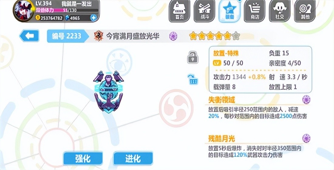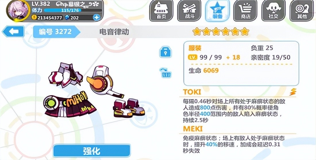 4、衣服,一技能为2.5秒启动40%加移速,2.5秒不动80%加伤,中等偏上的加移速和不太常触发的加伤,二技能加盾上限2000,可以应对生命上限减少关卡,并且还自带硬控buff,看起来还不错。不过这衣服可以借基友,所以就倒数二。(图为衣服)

= = = =

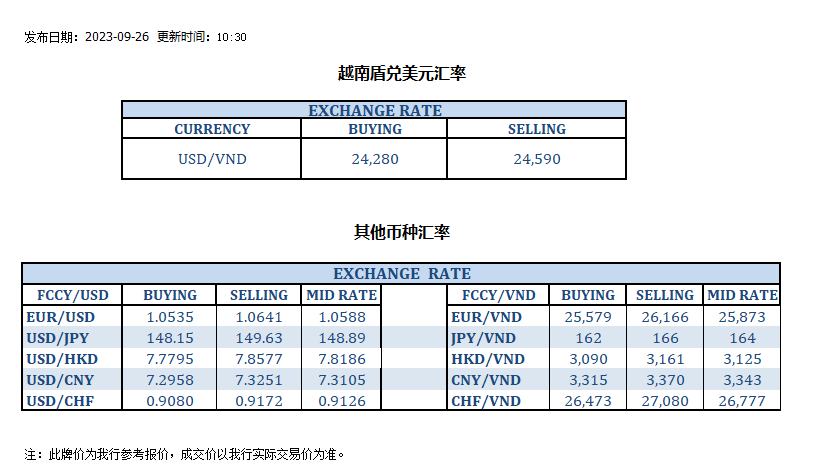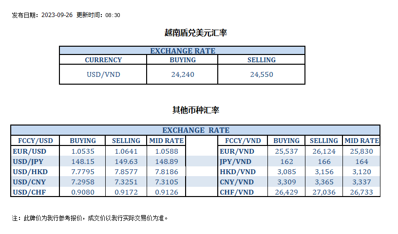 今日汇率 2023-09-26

= = = =

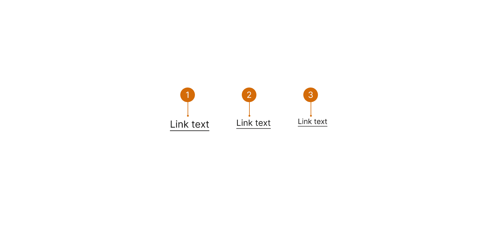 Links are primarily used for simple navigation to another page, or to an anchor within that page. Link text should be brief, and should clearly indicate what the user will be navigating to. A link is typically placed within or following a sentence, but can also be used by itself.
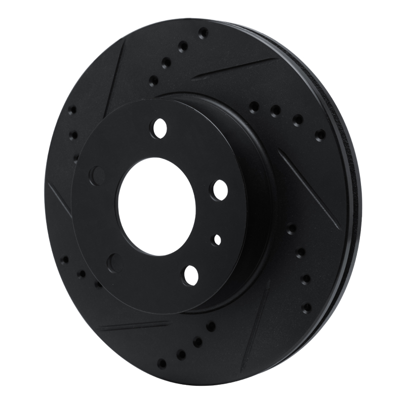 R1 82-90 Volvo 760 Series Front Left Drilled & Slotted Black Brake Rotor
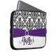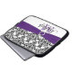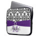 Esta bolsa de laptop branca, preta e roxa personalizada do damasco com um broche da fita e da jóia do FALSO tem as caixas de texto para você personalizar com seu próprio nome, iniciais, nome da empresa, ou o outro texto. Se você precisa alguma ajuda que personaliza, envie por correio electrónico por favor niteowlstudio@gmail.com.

= = = =

Give again, exactly as written above, each line from the one that has "R1 82-90 Volvo" to the one that has "Esta bolsa de", both included; omit the pictures.

**Your response**
 R1 82-90 Volvo 760 Series Front Left Drilled & Slotted Black Brake Rotor
 Esta bolsa de laptop branca, preta e roxa personalizada do damasco com um broche da fita e da jóia do FALSO tem as caixas de texto para você personalizar com seu próprio nome, iniciais, nome da empresa, ou o outro texto. Se você precisa alguma ajuda que personaliza, envie por correio electrónico por favor niteowlstudio@gmail.com.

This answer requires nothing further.